-- Opening Marker --

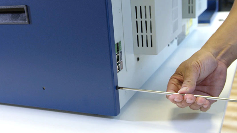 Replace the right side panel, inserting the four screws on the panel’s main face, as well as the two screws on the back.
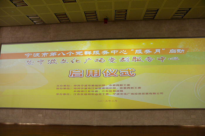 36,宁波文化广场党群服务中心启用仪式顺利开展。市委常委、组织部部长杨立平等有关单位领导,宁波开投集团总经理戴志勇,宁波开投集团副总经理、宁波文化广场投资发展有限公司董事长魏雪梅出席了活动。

-- Closing Marker --
-- Opening Marker --

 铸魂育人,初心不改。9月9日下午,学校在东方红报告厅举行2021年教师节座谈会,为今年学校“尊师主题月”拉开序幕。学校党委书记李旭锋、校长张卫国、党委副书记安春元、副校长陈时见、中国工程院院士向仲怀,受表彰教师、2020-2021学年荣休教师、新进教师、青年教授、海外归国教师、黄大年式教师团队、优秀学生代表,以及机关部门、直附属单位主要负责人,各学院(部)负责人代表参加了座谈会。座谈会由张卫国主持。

-- Closing Marker --
-- Opening Marker --

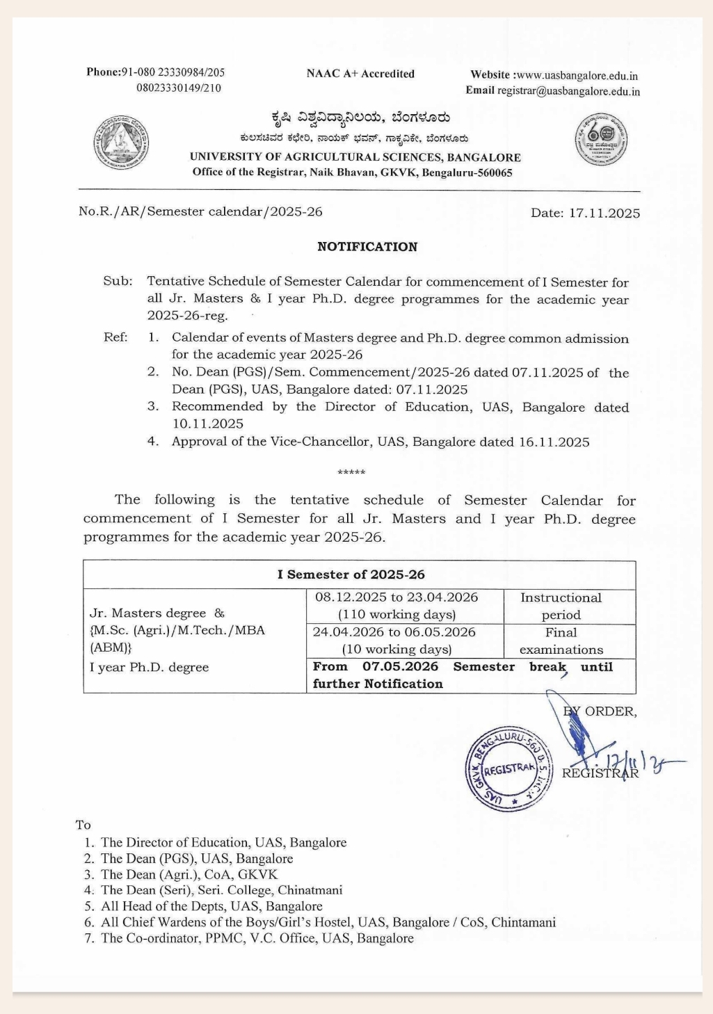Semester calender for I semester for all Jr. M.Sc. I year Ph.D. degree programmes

-- Closing Marker --

What is needed
For this exercise, please set down exactly the lines of the listing above from the line with "Replace the right" up to and including the line with "36,宁波文化广场党群服务中", and no pictures.

Result of the task
 Replace the right side panel, inserting the four screws on the panel’s main face, as well as the two screws on the back.
 36,宁波文化广场党群服务中心启用仪式顺利开展。市委常委、组织部部长杨立平等有关单位领导,宁波开投集团总经理戴志勇,宁波开投集团副总经理、宁波文化广场投资发展有限公司董事长魏雪梅出席了活动。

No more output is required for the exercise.